KNOW YOUR MEDICAL PROVIDER! Ask hospital administrators how many patients that their nurses are responsible for on each shift. Ask them how they handle “short staffing” concerns. Tell them that you know that 8 – 10 or more patients is unsafe. Tell them that you do not agree with their staffing model and that you are aware that the risk of medical errors goes up with the number of patients there staff is responsible for. Tell them that you refuse to believe when staff is forced to tell you that they have the time to take care of you and that you don’t approve of them covering things up with lies. Tell them that you don’t agree with risking patients’ lives by refusing to staff with numbers that allow for safe patient handling and care.
Another deceiving concept is something called “Magnet Status.” With this “title” hospitals strive to convince the public that their employees are happy to work there and that safe conditions exist. Again, take a look around. How many experienced seasoned nurses do you see? If the majority of the population is young and new graduates, then why has there been such a turn around in employees? How many supplemental staff are on the floor? Chances are many seasoned nurses were pushed out, fired or chased off. The present staff is encouraged to prove their loyalty by acting out in a way to help the hospital obtain “Magnet Status.” As far as I am concerned, Magnet Status would be the hospitals with the least amount of turnover, the least amount of terminated employees and the least amount of employees that have left due to dissatisfaction. There isn’t anything in the process of achieving “Magnet Status” that addresses that. Achieving “Magnet Status” comes from current employees who may not have even been there long and all they have to do is fill out surveys. I believe “Magnet Status” should be a concept that tells the public that they reviewed their “human resources” files and they publicly post….

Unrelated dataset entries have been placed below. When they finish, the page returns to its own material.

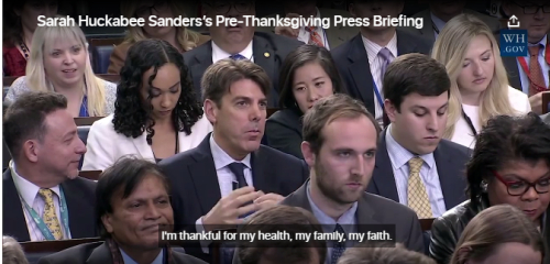 事情缘起于桑德斯在20日的新闻发布会宣布的新规矩。她说,她感谢在场的每一位记者,感谢她的家人、感谢她的信仰,感谢诸多为美国奉献的各行各业人士。她随即表示,既然她已经分享了她的感恩,各位记者应效仿其行为,“这才公平”,桑德斯说。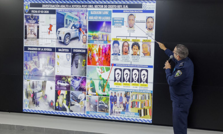 La Policía Nacional, en coordinación con el Ministerio Público, logró avances significativos en la investigación del asalto a mano armada perpetrado contra la joyería Popi Oro, ubicada en el sector Cristo Rey, Distrito Nacional, con la detención de dos de los presuntos autores, la identificación de otros implicados y la recolección de múltiples evidencias que fortalecen el proceso investigativo.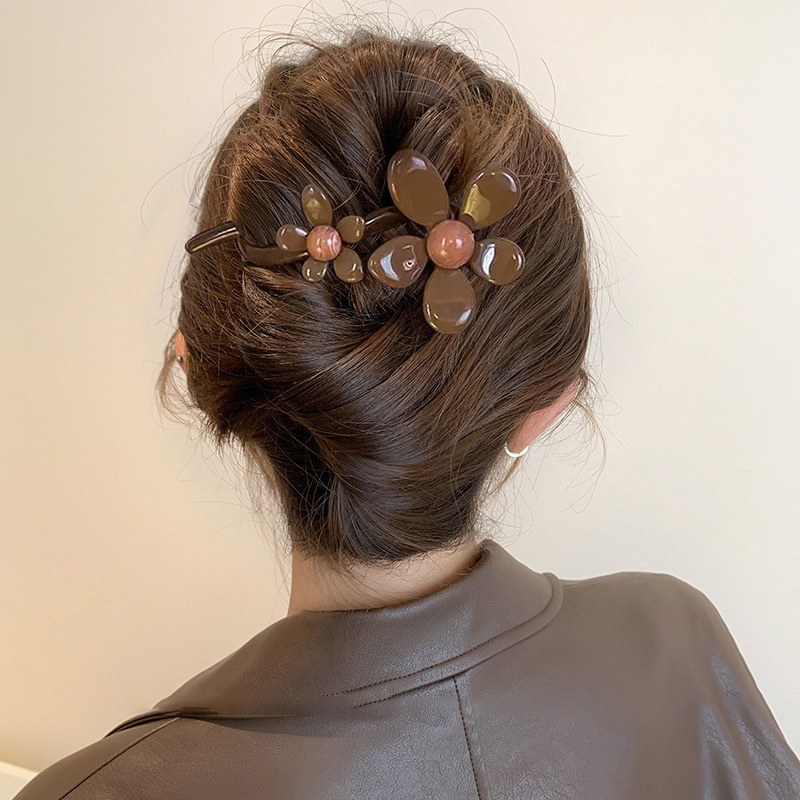 • 4#브라운 플라워 트위스트 클립 - 약 10.5cm

1) The number of employees terminated for negative reasons,
2) The number of employees that left voluntarily for negative reasons,
3) The number of employees that left satisfied but to pursue other options,
4) The number of patients that nurses are responsible for on each unit and each shift.
Those are the facts that speak for themselves.

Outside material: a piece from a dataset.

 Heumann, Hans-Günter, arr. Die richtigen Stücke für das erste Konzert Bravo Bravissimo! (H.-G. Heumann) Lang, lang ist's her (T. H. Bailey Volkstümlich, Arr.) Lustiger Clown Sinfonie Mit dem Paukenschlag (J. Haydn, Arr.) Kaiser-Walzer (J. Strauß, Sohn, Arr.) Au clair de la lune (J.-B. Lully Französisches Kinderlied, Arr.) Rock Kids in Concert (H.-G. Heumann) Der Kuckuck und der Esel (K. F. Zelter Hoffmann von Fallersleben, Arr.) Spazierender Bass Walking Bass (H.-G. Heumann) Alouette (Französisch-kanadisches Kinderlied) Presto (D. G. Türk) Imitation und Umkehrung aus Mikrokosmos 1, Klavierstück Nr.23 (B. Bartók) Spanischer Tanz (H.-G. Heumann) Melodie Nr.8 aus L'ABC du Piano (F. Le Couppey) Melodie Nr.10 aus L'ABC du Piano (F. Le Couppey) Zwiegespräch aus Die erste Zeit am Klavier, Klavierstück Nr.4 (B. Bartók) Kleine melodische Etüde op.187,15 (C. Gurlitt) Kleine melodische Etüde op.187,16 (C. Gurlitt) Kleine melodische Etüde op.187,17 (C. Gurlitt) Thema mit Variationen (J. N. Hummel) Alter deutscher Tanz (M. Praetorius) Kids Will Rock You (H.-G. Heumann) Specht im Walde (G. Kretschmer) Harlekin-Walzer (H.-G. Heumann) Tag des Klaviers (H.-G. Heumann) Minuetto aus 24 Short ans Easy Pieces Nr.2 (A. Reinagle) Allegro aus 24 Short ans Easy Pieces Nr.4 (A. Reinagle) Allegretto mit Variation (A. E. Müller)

Read more about Magnet Status:
See the actual survey for nurses:
Fill in the information with something and go read the survey for yourself.
The questions in the survey do not address the most important issues that result in SAFE PATIENT CARE.
Don’t waste your breath telling them that you felt the nurses were too busy and didn’t have time. Tell them what you know. Tell them that you know 8 patients and more is unsafe. Tell them that forcing employees to repeat scripts telling you that they have time is an insult to your intelligence. It’s your life and your health…. what is it worth to you to turn the other cheek until some medical error causes a tragedy in YOUR family.